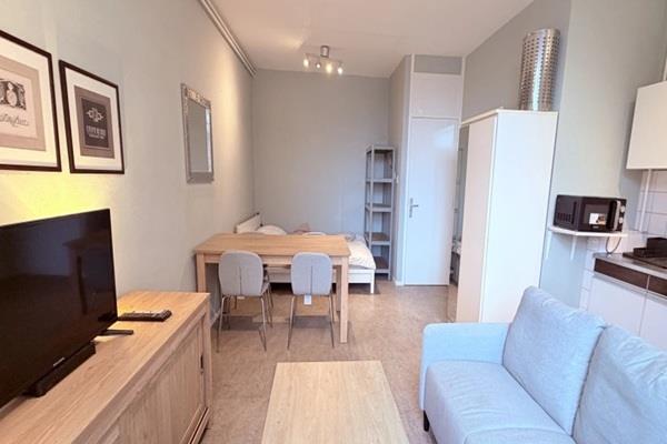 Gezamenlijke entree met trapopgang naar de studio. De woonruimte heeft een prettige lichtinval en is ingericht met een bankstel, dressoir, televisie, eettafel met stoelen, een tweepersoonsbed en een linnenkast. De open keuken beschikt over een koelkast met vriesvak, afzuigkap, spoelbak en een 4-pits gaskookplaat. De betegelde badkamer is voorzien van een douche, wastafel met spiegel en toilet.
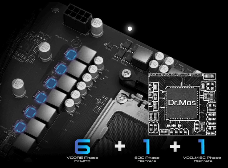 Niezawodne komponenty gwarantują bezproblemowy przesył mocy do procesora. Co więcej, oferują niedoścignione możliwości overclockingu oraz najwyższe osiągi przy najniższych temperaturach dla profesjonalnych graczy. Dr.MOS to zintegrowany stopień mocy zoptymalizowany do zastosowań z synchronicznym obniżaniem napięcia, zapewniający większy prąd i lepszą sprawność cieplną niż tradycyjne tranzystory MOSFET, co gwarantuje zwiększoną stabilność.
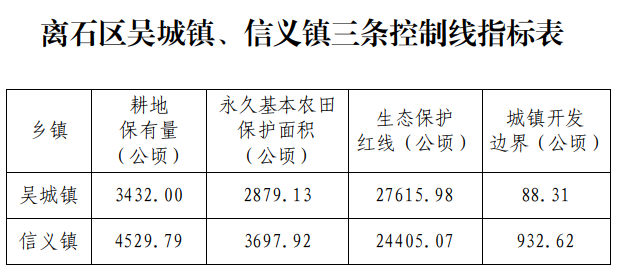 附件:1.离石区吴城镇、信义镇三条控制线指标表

□ □ □ □

**WHAT THE TASK ASKS**
Please return the whole listing exactly. Do not copy its images.

**SOLUTION TO THIS EXERCISE**
 Gezamenlijke entree met trapopgang naar de studio. De woonruimte heeft een prettige lichtinval en is ingericht met een bankstel, dressoir, televisie, eettafel met stoelen, een tweepersoonsbed en een linnenkast. De open keuken beschikt over een koelkast met vriesvak, afzuigkap, spoelbak en een 4-pits gaskookplaat. De betegelde badkamer is voorzien van een douche, wastafel met spiegel en toilet.
 Niezawodne komponenty gwarantują bezproblemowy przesył mocy do procesora. Co więcej, oferują niedoścignione możliwości overclockingu oraz najwyższe osiągi przy najniższych temperaturach dla profesjonalnych graczy. Dr.MOS to zintegrowany stopień mocy zoptymalizowany do zastosowań z synchronicznym obniżaniem napięcia, zapewniający większy prąd i lepszą sprawność cieplną niż tradycyjne tranzystory MOSFET, co gwarantuje zwiększoną stabilność.
 附件:1.离石区吴城镇、信义镇三条控制线指标表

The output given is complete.